** Opening Information provided block **
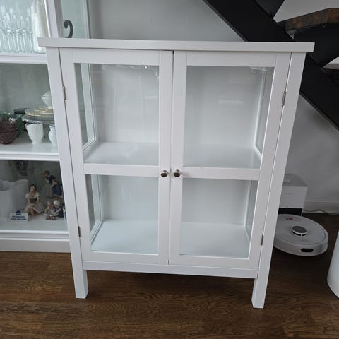 Skabet har en fin bagbeklædning, hylder og glas på kortsiderne.
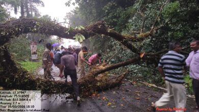 ಭಾಗಮಂಡಲ – ತಲಕಾವೇರಿ ರಸ್ತೆಗೆ ಅಡ್ಡಲಾಗಿ ಮರ ಪತನ
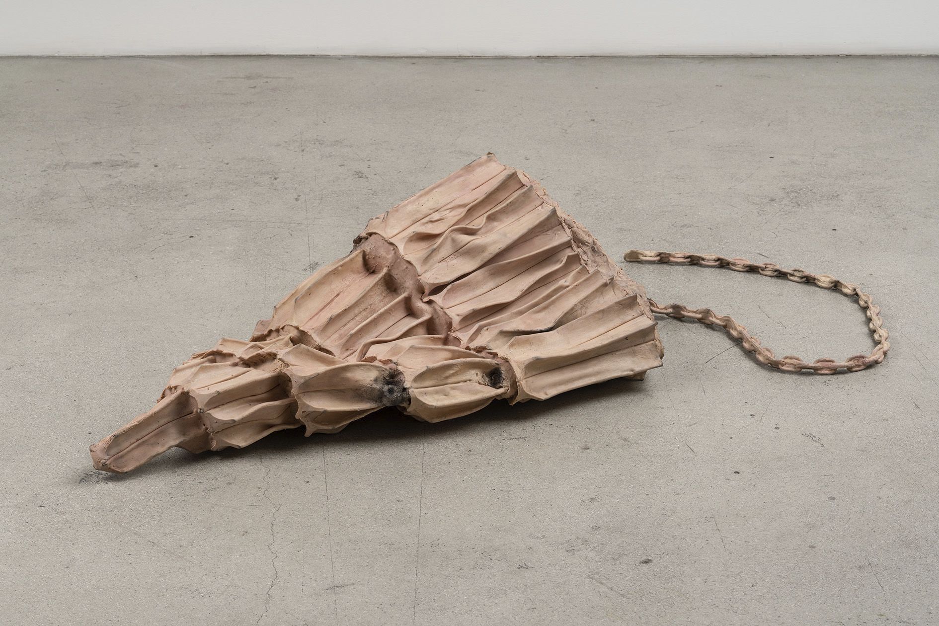 In 2012, Upson turned to working with soft furniture, including mattresses, sofas and other objects found discarded near her studio in Los Angeles. The artist cast these forms out of silicone and urethane, fascinated with the possibility of lifting and replicating not only their surfaces and “skins,” but also the emotional, psychological and physical traces of those who had used them (she had also earlier encountered an unusual number of mattresses in the rooms of Larry’s house).
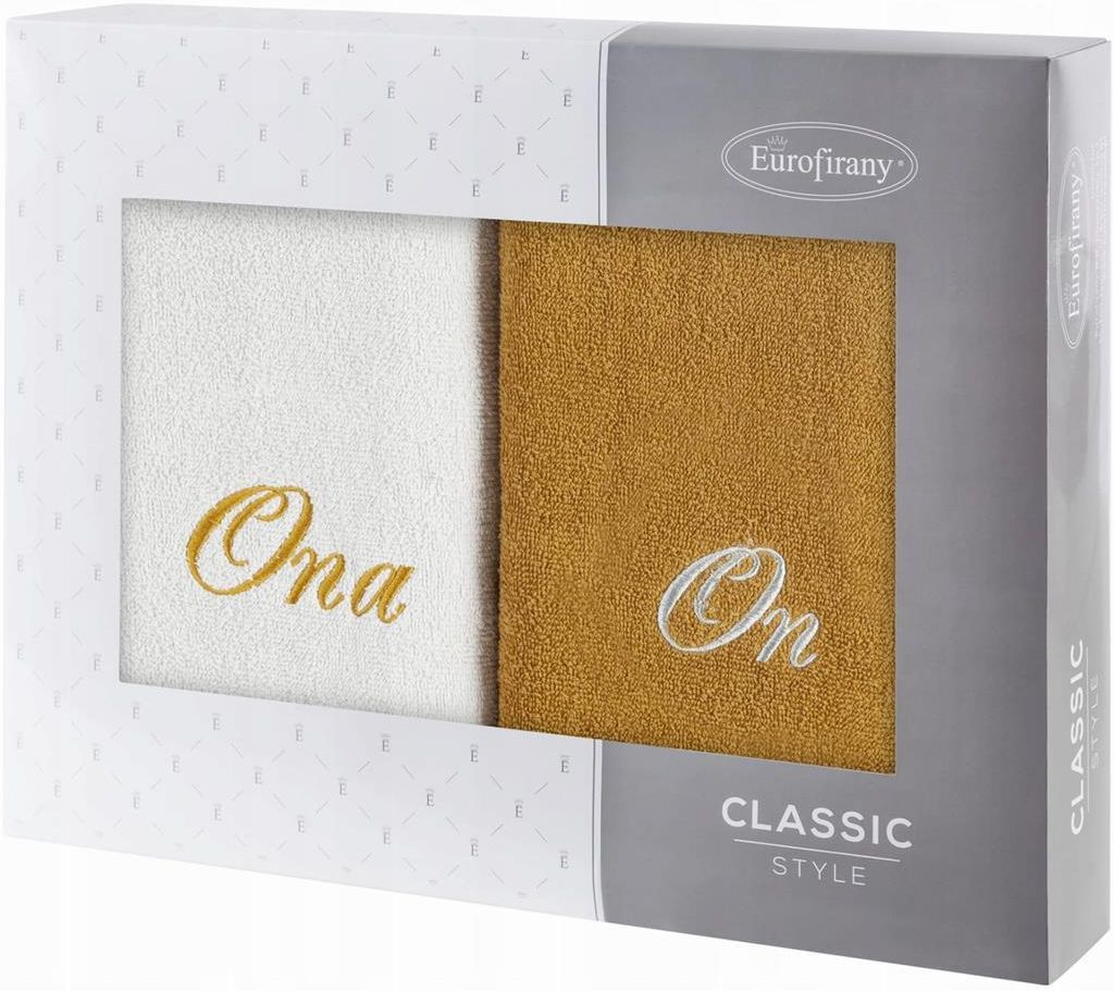 Komplet ręczników ON i ONA – wyjątkowy duet dla dwojga Komplet ręczników ON i ONA marki Eurofirany to elegancki zestaw dla par, który łączy praktyczność z indywidualnym stylem. Dwa ręczniki o wymiarach 70 × 140 cm – wykonane są z miękkiej bawełny frotte o gramaturze 400 GSM. Ręczniki w kolorze srebrnym i musztardowym zostały udekorowane modnym haftem „ON” i „ONA”, co sprawia, że każdy komplet to nie tylko tekstylia, ale i osobisty, designerski akcent Kolory i haft – styl i spójność Połączenie wyważonego srebra z wyrazistą musztardą tworzy nowoczesne zestawienie kolorystyczne – idealne do różnorodnych wnętrz łazienkowych, od minimalistycznych po glamour. Haftowane napisy są subtelne, ale wyraźnie podkreślają, dla kogo jest który ręcznik – intymny, osobisty detal, który doceni każda para . Wymiary użytkowe Dwa ręczniki o identycznym rozmiarze 70 × 140 cm zapewniają wygodę i komfort – idealne po kąpieli, nawet w sypialni czy spa. Jest to wersja kąpielowa, która zaspokoi potrzeby zarówno męskie, jak i damskie. Materiał i gramatura – gwarancja jakości Ręczniki powstały w 100 % z naturalnej bawełny frotte, co zapewnia miękkość i wysoką chłonność. Gramatura 400 GSM to optymalna równowaga między szybkim schnięciem a trwałością – potwierdzona licznymi opiniami i specyfikacją allegro.pl+9allegro.pl+9brw.pl+9allegro.pl. Opakowanie i prezentowe przeznaczenie Zestaw jest zapakowany w estetyczne kartonowe pudełko – gotowy do wręczenia jako prezent bez dodatkowych opakowań. Idealny wybór na ślub, rocznicę, walentynki czy imprezę domową Kluczowe zalety dwa ręczniki kąpielowe 70×140 cm – komfort i wygoda dla par haftowane „ON” i „ONA” – osobisty, stylowy element kolory srebrny + musztardowy – modne, trwałe, uniwersalne 100 % bawełna, 400 GSM – przyjemna miękkość i chłonność gotowy prezent – idealny na wiele okazji Opieka i pielęgnacja Aby ręczniki zachowały jakość na dłużej: • prać w temp. do 40 °C (najpierw osobno), • unikać chloru i silnych detergentów, • suszyć w suszarce bębnowej i prasować (≤110–150 °C) Dlaczego warto? Ten komplet to nie tylko funkcjonalne elementy łazienki — to przemyślany gadżet dla dwojga. Ręczniki sprawdzą się doskonale w łazienkach typu hotelowego czy gościnnych, ale także w domach, gdzie liczy się komfort i estetyka. Dzięki subtelnemu haftowi zestaw wyróżnia się na tle masowych tekstyliów, a kontrastujące kolory dodają charakteru.
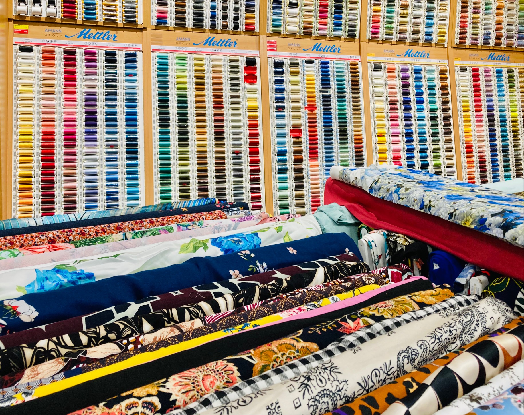 Die Experten streiten darüber, wie viele Menschen in Deutschland selbst nähen. Es sollen über fünf Millionen sein. „Vor allem sind es Kundinnen, die unser Geschäft besuchen“, wird mir in der Nähszene in der Schlebuscher Fußgängerzone mitgeteilt. Ich als Mann wurde von dem Kaleidoskop an Farben angezogen, als ich vorbeiflaniere und durch die offene Tür linse. Schnell lande ich in der Stoffabteilung und lerne gleichzeitig eine ganze Menge. „Die Alteingesessenen gehen immer noch zum Kühler, das ist der Vorbesitzer des Geschäfts, wir heißen aber seit 1995 Nähszene Turmstoffe.“ Der Zusatz Turmstoffe hat seinen guten Grund. In welchem Nähgeschäft finden sich schon selbst produzierte Stoffe? Der neue Besitzer Dirk Müller stammt aus einer Familie, die Stoffe selbst produziert und mit den Materialien handelt. Seide aus Brasilien, Kaschmir aus der Mongolei, Flachsgewebe aus Belgien. Schurwolle aus Italien. Das alles findet sich hier in der Schlebuscher Nähszene und vier weiteren Filialen in NRW.
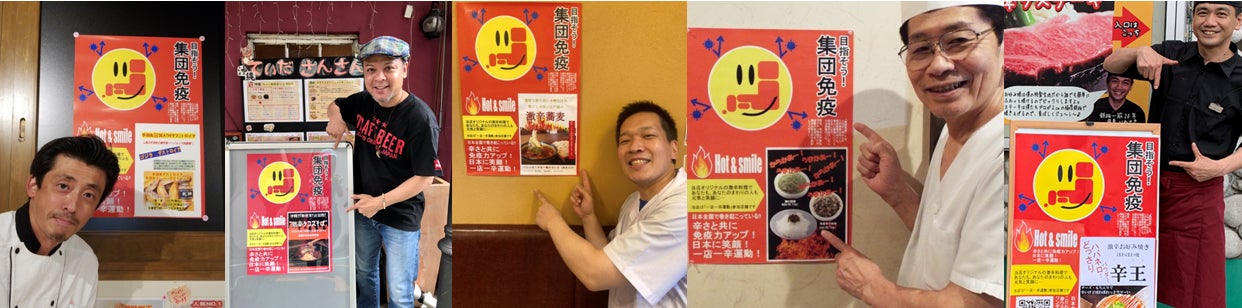 一店一辛運動は「HOT&SMAIL」を合言葉に、激辛料理と共にコロナ禍が少しでも終息に向かえばと、知り合いの飲食店経営者仲間に声をかけ、南は沖縄から北は秋田の飲食店の経営者仲間の8名が立ち上がりスタートしました。
** Closing Information provided block **
Required action: Would you return all the data exactly as given, minus the pictures?

Answer section:
 Skabet har en fin bagbeklædning, hylder og glas på kortsiderne.
 ಭಾಗಮಂಡಲ – ತಲಕಾವೇರಿ ರಸ್ತೆಗೆ ಅಡ್ಡಲಾಗಿ ಮರ ಪತನ
 In 2012, Upson turned to working with soft furniture, including mattresses, sofas and other objects found discarded near her studio in Los Angeles. The artist cast these forms out of silicone and urethane, fascinated with the possibility of lifting and replicating not only their surfaces and “skins,” but also the emotional, psychological and physical traces of those who had used them (she had also earlier encountered an unusual number of mattresses in the rooms of Larry’s house).
 Komplet ręczników ON i ONA – wyjątkowy duet dla dwojga Komplet ręczników ON i ONA marki Eurofirany to elegancki zestaw dla par, który łączy praktyczność z indywidualnym stylem. Dwa ręczniki o wymiarach 70 × 140 cm – wykonane są z miękkiej bawełny frotte o gramaturze 400 GSM. Ręczniki w kolorze srebrnym i musztardowym zostały udekorowane modnym haftem „ON” i „ONA”, co sprawia, że każdy komplet to nie tylko tekstylia, ale i osobisty, designerski akcent Kolory i haft – styl i spójność Połączenie wyważonego srebra z wyrazistą musztardą tworzy nowoczesne zestawienie kolorystyczne – idealne do różnorodnych wnętrz łazienkowych, od minimalistycznych po glamour. Haftowane napisy są subtelne, ale wyraźnie podkreślają, dla kogo jest który ręcznik – intymny, osobisty detal, który doceni każda para . Wymiary użytkowe Dwa ręczniki o identycznym rozmiarze 70 × 140 cm zapewniają wygodę i komfort – idealne po kąpieli, nawet w sypialni czy spa. Jest to wersja kąpielowa, która zaspokoi potrzeby zarówno męskie, jak i damskie. Materiał i gramatura – gwarancja jakości Ręczniki powstały w 100 % z naturalnej bawełny frotte, co zapewnia miękkość i wysoką chłonność. Gramatura 400 GSM to optymalna równowaga między szybkim schnięciem a trwałością – potwierdzona licznymi opiniami i specyfikacją allegro.pl+9allegro.pl+9brw.pl+9allegro.pl. Opakowanie i prezentowe przeznaczenie Zestaw jest zapakowany w estetyczne kartonowe pudełko – gotowy do wręczenia jako prezent bez dodatkowych opakowań. Idealny wybór na ślub, rocznicę, walentynki czy imprezę domową Kluczowe zalety dwa ręczniki kąpielowe 70×140 cm – komfort i wygoda dla par haftowane „ON” i „ONA” – osobisty, stylowy element kolory srebrny + musztardowy – modne, trwałe, uniwersalne 100 % bawełna, 400 GSM – przyjemna miękkość i chłonność gotowy prezent – idealny na wiele okazji Opieka i pielęgnacja Aby ręczniki zachowały jakość na dłużej: • prać w temp. do 40 °C (najpierw osobno), • unikać chloru i silnych detergentów, • suszyć w suszarce bębnowej i prasować (≤110–150 °C) Dlaczego warto? Ten komplet to nie tylko funkcjonalne elementy łazienki — to przemyślany gadżet dla dwojga. Ręczniki sprawdzą się doskonale w łazienkach typu hotelowego czy gościnnych, ale także w domach, gdzie liczy się komfort i estetyka. Dzięki subtelnemu haftowi zestaw wyróżnia się na tle masowych tekstyliów, a kontrastujące kolory dodają charakteru.
 Die Experten streiten darüber, wie viele Menschen in Deutschland selbst nähen. Es sollen über fünf Millionen sein. „Vor allem sind es Kundinnen, die unser Geschäft besuchen“, wird mir in der Nähszene in der Schlebuscher Fußgängerzone mitgeteilt. Ich als Mann wurde von dem Kaleidoskop an Farben angezogen, als ich vorbeiflaniere und durch die offene Tür linse. Schnell lande ich in der Stoffabteilung und lerne gleichzeitig eine ganze Menge. „Die Alteingesessenen gehen immer noch zum Kühler, das ist der Vorbesitzer des Geschäfts, wir heißen aber seit 1995 Nähszene Turmstoffe.“ Der Zusatz Turmstoffe hat seinen guten Grund. In welchem Nähgeschäft finden sich schon selbst produzierte Stoffe? Der neue Besitzer Dirk Müller stammt aus einer Familie, die Stoffe selbst produziert und mit den Materialien handelt. Seide aus Brasilien, Kaschmir aus der Mongolei, Flachsgewebe aus Belgien. Schurwolle aus Italien. Das alles findet sich hier in der Schlebuscher Nähszene und vier weiteren Filialen in NRW.
 一店一辛運動は「HOT&SMAIL」を合言葉に、激辛料理と共にコロナ禍が少しでも終息に向かえばと、知り合いの飲食店経営者仲間に声をかけ、南は沖縄から北は秋田の飲食店の経営者仲間の8名が立ち上がりスタートしました。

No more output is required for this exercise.